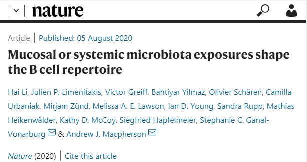 【Nature】新发现:肠道微生物影响B细胞和抗体库
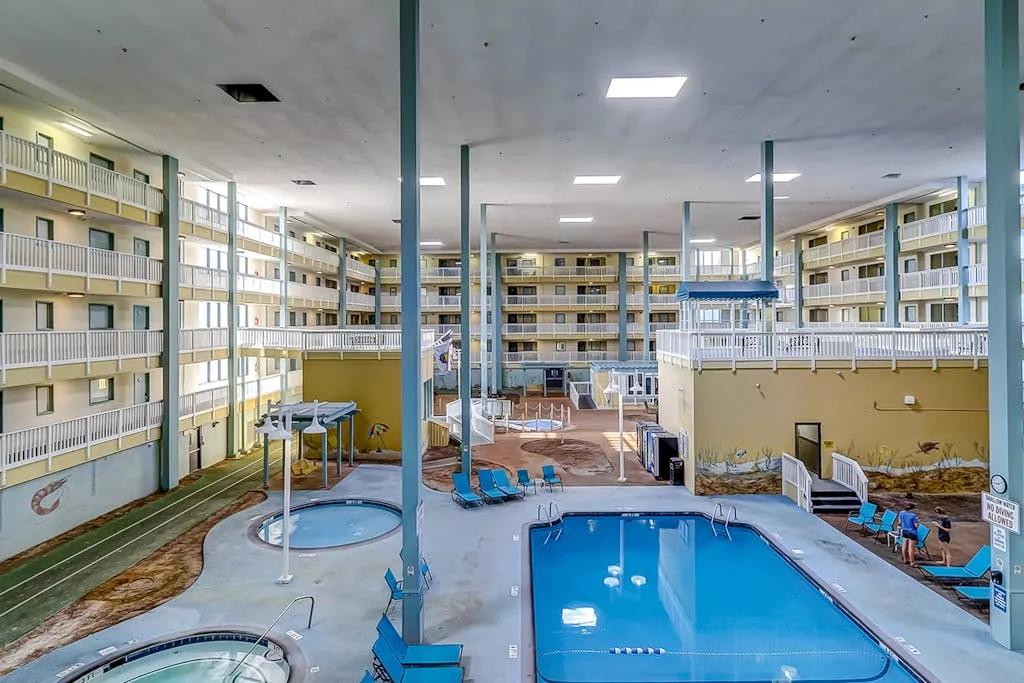 Top-floor condo with pools, hot tub, fitness room, central AC – 1 block to beach
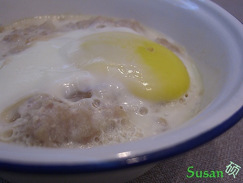 【南瓜茸炖蛋】 原料: 南瓜茸,鸡蛋(2个),椰浆(1/3罐)和细砂糖(3汤匙)。 步骤一:将鸡蛋和细砂糖充分拂匀。 步骤二:加入椰浆后,轻轻搅匀。 步骤三:将南瓜茸加到蛋液中,细致地搅拌均匀。 步骤四:将南瓜茸蛋液用筛滤过后,口感会更滑溜。 步骤五:把筛滤过的南瓜茸蛋液倒入炖碗内,用中低火在微波炉内叮5分钟至凝固,即可食用。
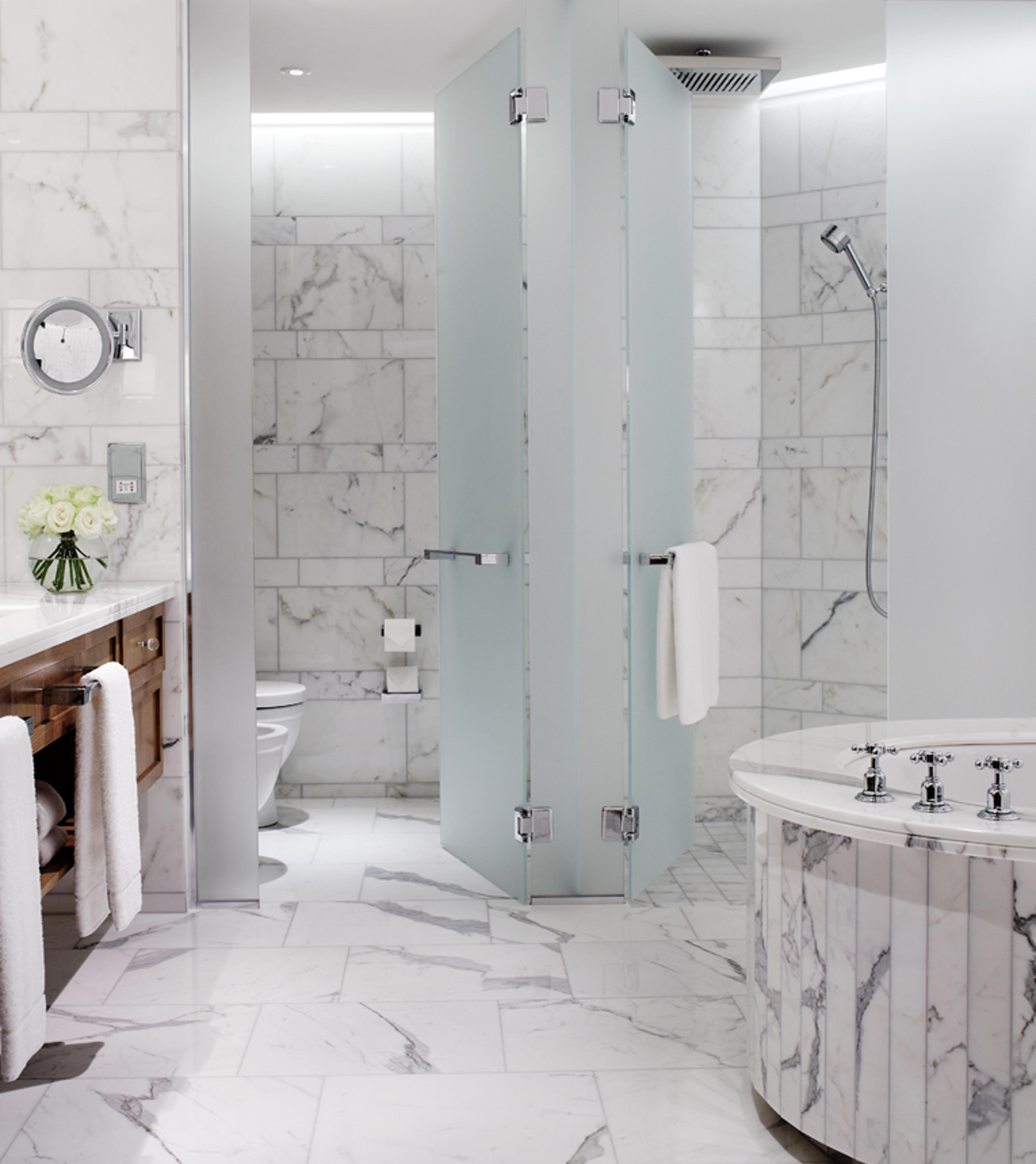 Designer Martin Goddard selected Perrin & Rowe as partner for all 294 guest rooms and suites. On major hotel and residential projects, our specialist team can work with a designer to develop unique products to suit a particular design style. In this case, a bespoke version of our Traditional brassware was produced complements the lavish Italian marble en-suites.
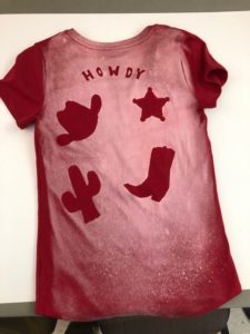 Decorate a t-shirt using bleach and stencils with images of your choosing, perhaps stars and stripes for the Fourth of July. The folks at the National Cowboy & Western Heritage Museum are kind of partial to Western imagery!
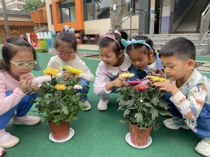 菊花为寒露时节最具代表性的花卉,天气冷了,百花凋零,唯有菊花傲然挺立,绽放形态各异的花朵,成为秋天最美的一道风景。幼儿观察实物菊花的外形特点,通过看一看、闻一闻、摸一摸的方式感知菊花,在实际操作中获得经验需要。
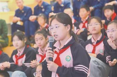 启动仪式后,萧南溪带来首场红色主题讲座。她以亲切口吻,结合父亲萧锋将军的革命亲身经历,为在场师生娓娓道来那段烽火连天的峥嵘岁月。从万里长征的艰难跋涉,到革命先辈矢志不渝的初心坚守,她用鲜活的事例、真挚的情感,带领现场师生回望峥嵘岁月。当讲到父亲一生坚守革命信仰,辞世前四小时仍坚持写下日记时,萧南溪声音哽咽,台下师生无不动容,雷鸣般的掌声回荡在校园。她勉励青少年要珍惜幸福生活,勤学善思、立志报国,成长为担当民族复兴大任的新时代少年。五年级学生田元淇听完讲座后深有感触:“革命先辈不畏牺牲才换来今天的美好生活,我们一定要好好学习,长大后报效祖国。”
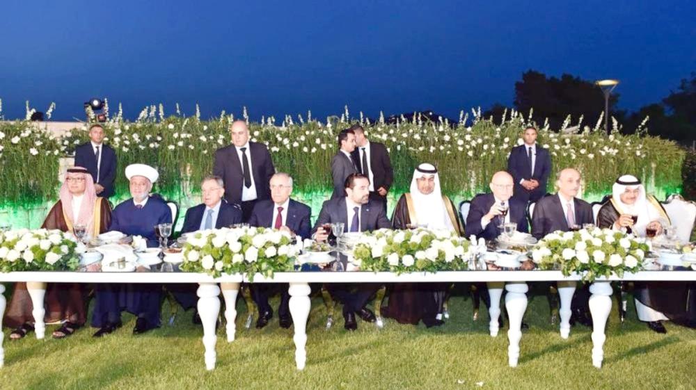 وفيما رحب البخاري بالحضور قائلاً: أهلا بكم في بيت المملكة العربية السعودية في لبنان بيت كل اللبنانيين، مؤكدا أن علاقة السعودية ولبنان ضاربة الجذور وراسخة رسوخ الأرز، وشامخة شموخ النخيل الذي يتحدى جفاف الصحراء.. أكد الحريري أن البيت السعودي يجمع اللبنانيين ولا يفرق بينهم. وقال: ما تريده المملكة من اللبنانيين أن نبقى على وحدتنا وعروبتنا والتزامنا باتفاق الطائف. وأكد أن تاريخ المملكة مع لبنان مليء بالخير والمحبة، والتعاون ونحن مع كل الشرفاء في البلد على عهدنا بالوفاء لهذا التاريخ، وعلى تمسكنا بأفضل العلاقات مع الدول العربية الشقيقة. وتابع: أملنا أن يكون هذا اللقاء رسالة خير وتضامن مع لبنان. حضر المأدبة الرئيس اللبناني السابق ميشال سليمان، ورئيسا الوزراء السابقان فؤاد السنيورة وتمام سلام، ورئيس حزب «القوات اللبنانية» سمير جعجع، وعدد من الوزراء والنواب والسفراء والقيادات السياسية والدينية والإعلامية في لبنان.
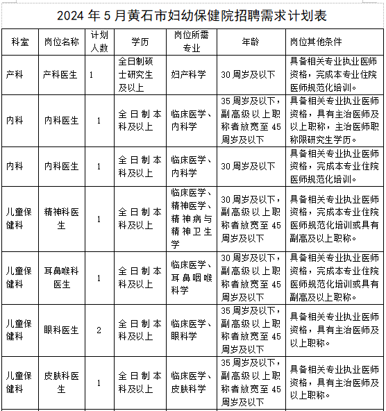 公告稱,即日起至5月21日上午09:00(周六日除外),應(yīng)聘者可攜帶資料到黃石市婦幼保健院人事科教科進行現(xiàn)場資格審查。

• [TASK BRIEF]: Could you restate the material word for word, omitting the pictures?

• [EXERCISE OUTPUT]:
 【Nature】新发现:肠道微生物影响B细胞和抗体库
 Top-floor condo with pools, hot tub, fitness room, central AC – 1 block to beach
 【南瓜茸炖蛋】 原料: 南瓜茸,鸡蛋(2个),椰浆(1/3罐)和细砂糖(3汤匙)。 步骤一:将鸡蛋和细砂糖充分拂匀。 步骤二:加入椰浆后,轻轻搅匀。 步骤三:将南瓜茸加到蛋液中,细致地搅拌均匀。 步骤四:将南瓜茸蛋液用筛滤过后,口感会更滑溜。 步骤五:把筛滤过的南瓜茸蛋液倒入炖碗内,用中低火在微波炉内叮5分钟至凝固,即可食用。
 Designer Martin Goddard selected Perrin & Rowe as partner for all 294 guest rooms and suites. On major hotel and residential projects, our specialist team can work with a designer to develop unique products to suit a particular design style. In this case, a bespoke version of our Traditional brassware was produced complements the lavish Italian marble en-suites.
 Decorate a t-shirt using bleach and stencils with images of your choosing, perhaps stars and stripes for the Fourth of July. The folks at the National Cowboy & Western Heritage Museum are kind of partial to Western imagery!
 菊花为寒露时节最具代表性的花卉,天气冷了,百花凋零,唯有菊花傲然挺立,绽放形态各异的花朵,成为秋天最美的一道风景。幼儿观察实物菊花的外形特点,通过看一看、闻一闻、摸一摸的方式感知菊花,在实际操作中获得经验需要。
 启动仪式后,萧南溪带来首场红色主题讲座。她以亲切口吻,结合父亲萧锋将军的革命亲身经历,为在场师生娓娓道来那段烽火连天的峥嵘岁月。从万里长征的艰难跋涉,到革命先辈矢志不渝的初心坚守,她用鲜活的事例、真挚的情感,带领现场师生回望峥嵘岁月。当讲到父亲一生坚守革命信仰,辞世前四小时仍坚持写下日记时,萧南溪声音哽咽,台下师生无不动容,雷鸣般的掌声回荡在校园。她勉励青少年要珍惜幸福生活,勤学善思、立志报国,成长为担当民族复兴大任的新时代少年。五年级学生田元淇听完讲座后深有感触:“革命先辈不畏牺牲才换来今天的美好生活,我们一定要好好学习,长大后报效祖国。”
 وفيما رحب البخاري بالحضور قائلاً: أهلا بكم في بيت المملكة العربية السعودية في لبنان بيت كل اللبنانيين، مؤكدا أن علاقة السعودية ولبنان ضاربة الجذور وراسخة رسوخ الأرز، وشامخة شموخ النخيل الذي يتحدى جفاف الصحراء.. أكد الحريري أن البيت السعودي يجمع اللبنانيين ولا يفرق بينهم. وقال: ما تريده المملكة من اللبنانيين أن نبقى على وحدتنا وعروبتنا والتزامنا باتفاق الطائف. وأكد أن تاريخ المملكة مع لبنان مليء بالخير والمحبة، والتعاون ونحن مع كل الشرفاء في البلد على عهدنا بالوفاء لهذا التاريخ، وعلى تمسكنا بأفضل العلاقات مع الدول العربية الشقيقة. وتابع: أملنا أن يكون هذا اللقاء رسالة خير وتضامن مع لبنان. حضر المأدبة الرئيس اللبناني السابق ميشال سليمان، ورئيسا الوزراء السابقان فؤاد السنيورة وتمام سلام، ورئيس حزب «القوات اللبنانية» سمير جعجع، وعدد من الوزراء والنواب والسفراء والقيادات السياسية والدينية والإعلامية في لبنان.
 公告稱,即日起至5月21日上午09:00(周六日除外),應(yīng)聘者可攜帶資料到黃石市婦幼保健院人事科教科進行現(xiàn)場資格審查。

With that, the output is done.